2025-11-20 10:45:57 -08:00
Anton Gorenko
1e77695fe8 [CK_TILE] Support WMMA (gfx12) in FMHA (#2528)
* Pass hdim to tile_example_fmha_fwd in fp8 tests

* Add WMMA support to fwd FMHA pipelines

* Tune tile sizes a bit for less spilling

fp16 256 is still quite slow

* Fix Q grad tile distribution for warp size = 32 and hdim >= 256

With AccDataType = float and warp size = 32, K0 becomes 0, K repeat is required to correcty distribute the tile.

* Use code based on BlockDropout in BlockDropoutBwd

* Fix split KV combine kernel for gfx12 (warp size 32) and make it more universal

* Fix LSE LDS tensor descriptors: kMaxSplits and kM0 were swapped, it worked on gfx9
  because they both equal to 8 while on gfx12 they are 8 and 4;
* Fix Oacc LDS tensor descriptor: it was transposed even though its shape=[4 * kM0, kN1],
  it worked on gfx9 because 4 * kM == kN1 == 32;
* Removing these hidden dependecies allows to support:
    * any number of warps (power-of-2), not only 4;
    * kN1 = 16, not only 32;
    * any number of splits;

* Rename ids like o_acc_4 and Oacc4 to eliminate confusion: kNumWarps doesn't have to be 4 now

* Replace hard-coded kN1 in dispatch code with the requested tile size

* Add gfx12-specific tile sizes for split KV

* Pass GPU architecture to kernel generation scripts

This is still a temporary solution.

* Build and run FMHA CI tests for gfx12

* Fix issue after merging

* Fix bwd tile sizes

The current pipelines always read only one tile K and V tile, this
requires bk0 == bhdq and bk2 == bhdv (kK0 == kQKHeaddim and
kK2 == kVHeaddim).

* Use hardware f32->f8 on gfx12, remove v_perm

__builtin_amdgcn_perm is not needed because
__builtin_amdgcn_cvt_pk_fp8_f32 allows to specify which word (16 bit of
 32-bit dword) is used to store results (two f8 values).

* Update changelog

* Add WMMA support to pagedkv

* Fix scripts after rebasing

* Support 16x16 (MFMA, WMMA) and 32x32 (MFMA) tiles in fwd and bwd BlockDropout

Add comments with dropout implementation details

Fix performance regression of fwd+dropout

    * Remove some usage of type punning (reinterpret_cast with ref or ptr) in Philox;
    * "scalarize" seed and offset, they may come either from kernel args or from device memory
      (presumably loaded with vector loads).
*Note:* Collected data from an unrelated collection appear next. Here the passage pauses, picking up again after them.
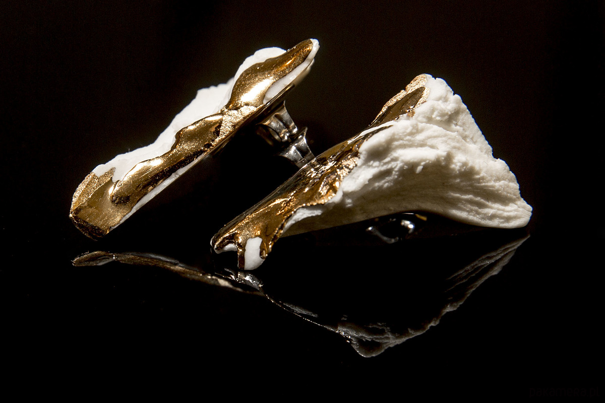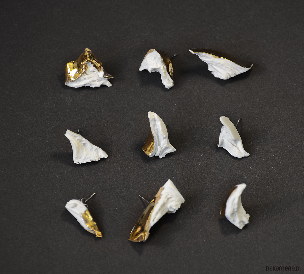 Te porcelanowe kolczyki są inspirowane niezwykłym lodowcem Perito Moreno, znajdującym się w Patagonii. Ich surowa biel wzbogacona jest subtelnymi smugami złota, które odbijają światło, przykuwając spojrzenia innych. Mają asymetryczny i nieregularny kształt, co czyni je unikatowymi. Każda para jest inna, co wynika z naturalnego przełamu porcelany i moich twórczych poszukiwań. Idąc pod prysznic i kładąc się do łóżka, najlepiej zostawić je na toaletce.
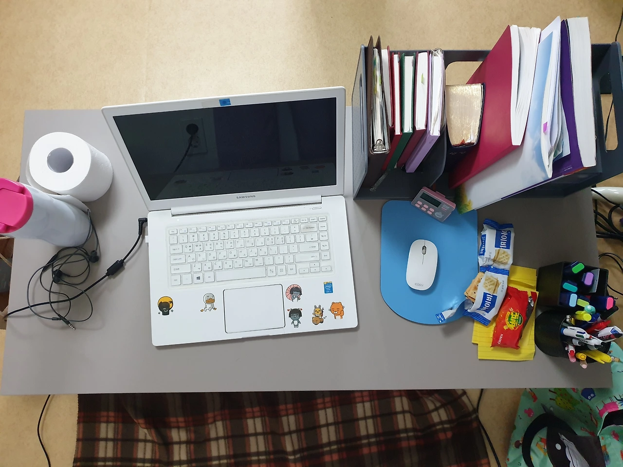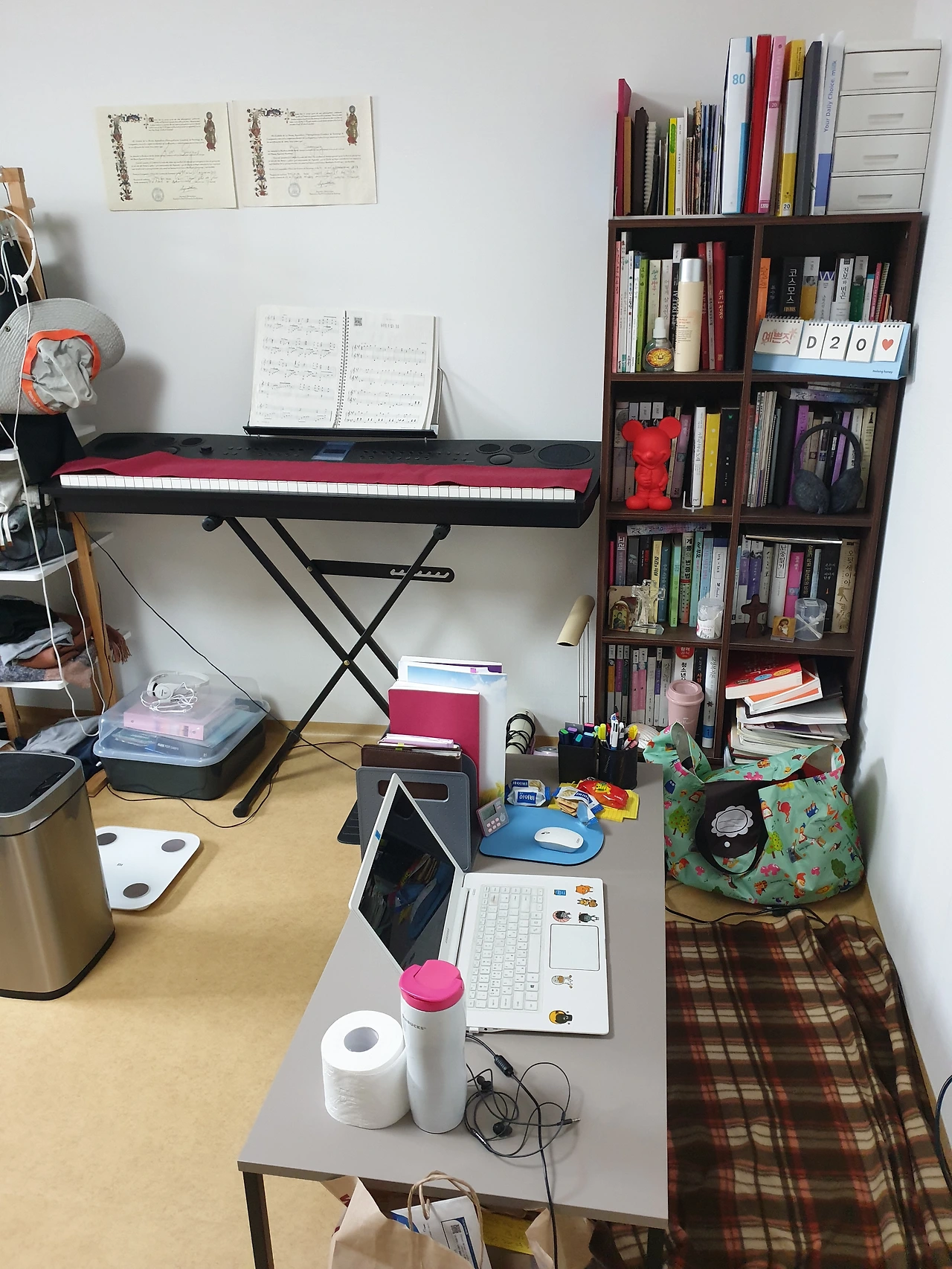 그렇게 남편의 통 큰 양보로 결국 내 방이 생겼다. 내 방이라고 하지만 사실 내 물건은 방 한구석에만 자리한다. 문을 열고 들어가면 오른쪽 귀퉁이에 좌식 책상과 책장과 피아노 키보드가 놓여있다. 나머지 공간은 남편과 함께 드레스룸으로도 쓰고 아기에게 위험한 물건을 치워놓는 공간으로도 쓴다.
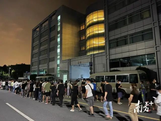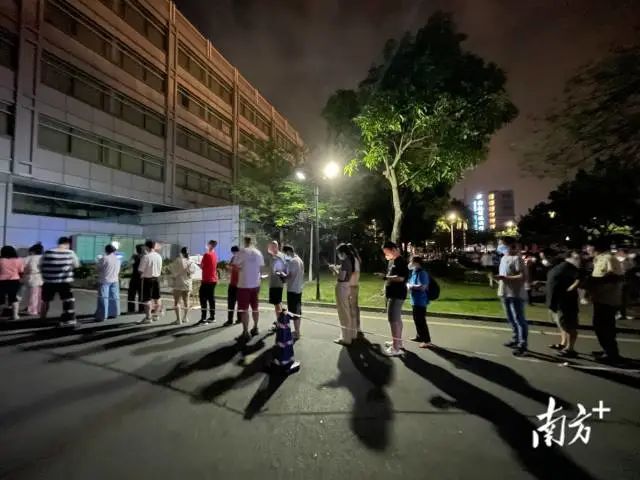 28日凌晨2时许,广州白云机场南航明珠大酒店楼前,现场人员正进行全员大规模核酸检测。
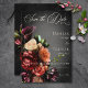 Entra num reino de elegância refinada com o nosso casamento floral escuro e sangrento. Concebido para cativar os sentidos, este design ostenta um fundo negro impressionante adormecido com uma explosão de flores autóctones em laranja queimada, cor de laranja queimada, matizes cremosos e toques de ouro luxuoso, complementados por uma folhagem verde-oliva exuberante. O texto cremoso flutua delicadamente sobre um borrão de luz suave, adicionando um toque de romance ao fascínio geral. Abrace a opulência da estação e dê o tom para o seu dia especial com este design, que deixa uma impressão duradoura nos seus convidados. Criado pela imprensa simplesmente de farmácia.
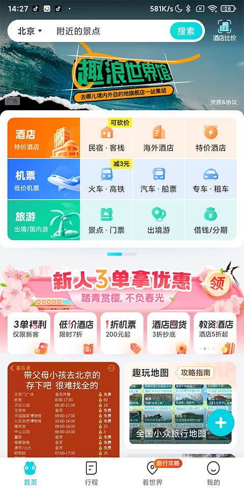 去哪儿是中国领先的一站式旅行平台,坚持以低价为核心竞争力,深受年轻人喜爱。
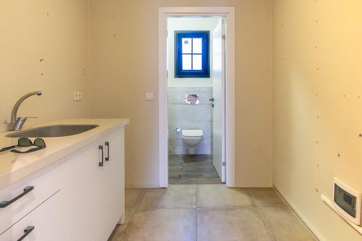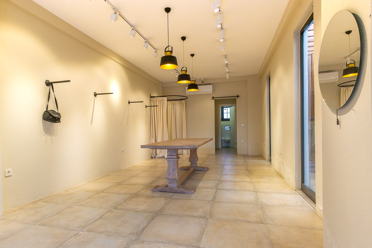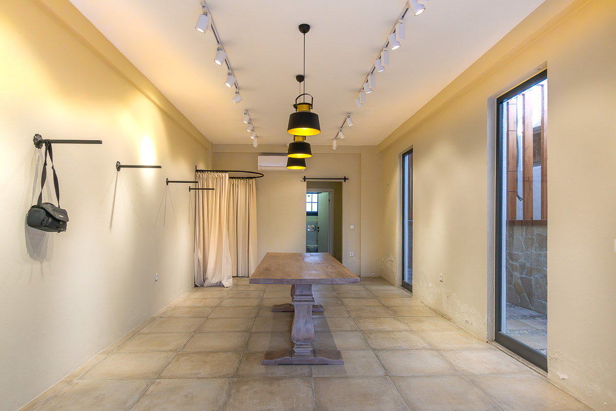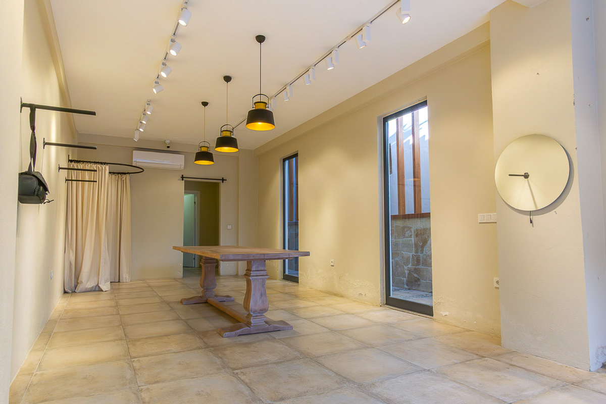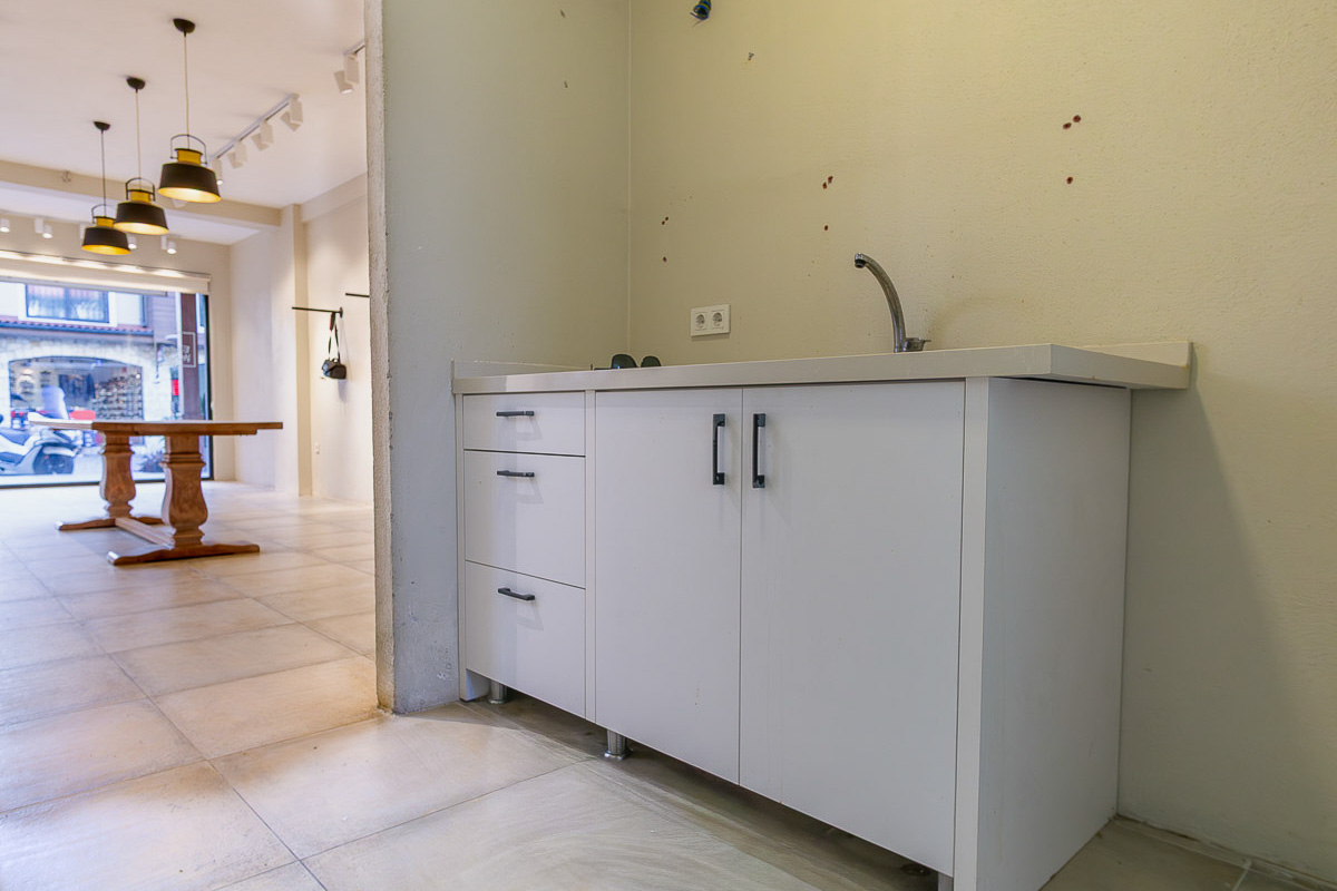 The shop provides 40 m² of interior space, including a 4 m² washbasin area with a toilet positioned behind it. At the entrance, the 7 m² veranda serves as an extended display or small seating area, making it suitable for various retail or service-based concepts. Inside, the linear floor plan, track lighting and full-height glass façade allow natural light to brighten the space and create a modern, welcoming commercial atmosphere. This design greatly enhances street visibility, making the shop easy to notice even from afar.

    These changes help the compiler to procude more optimal code and reduce register spilling.

Use WarpGemmDispatcher instead of explicit WarpGemmMfma... to get  CWarpDstrEncoding

Use code based on BlockDropout in BlockDropoutBwd

Refactor BlockDropout (fwd)

Implement BlockDropout (fwd) for WMMA

    Originally BlockDropout only supported 32x32 tiles (IsWG32 = true),
    this version supports 16x16 tiles.
    If MPerBlock > MWarp * 16, it can generate numbers for two 16x16 tiles, similarly
    to BlockDropoutBwd.

Implement BlockDropoutBwd for WMMA

Remove MakeRandValLds* functions unused in BlockDropoutBwd

Remove unused Run overload from BlockDropoutBwd

* Fix regression with philox seed and offset when they exceed 32-bit int

__builtin_amdgcn_readfirstlane works with 32-bit values, seed and offset
are 64-bit so they get truncated.

* Fix names after cherry-picking

* Fix selection of a fallback tile based on bm0

The assumption that the largest bm0 == 128 is not always true for
current fp32 tiles.

* Do not use filters related to qr_async_trload

They disable tiles/pipelines which are valid for gfx12.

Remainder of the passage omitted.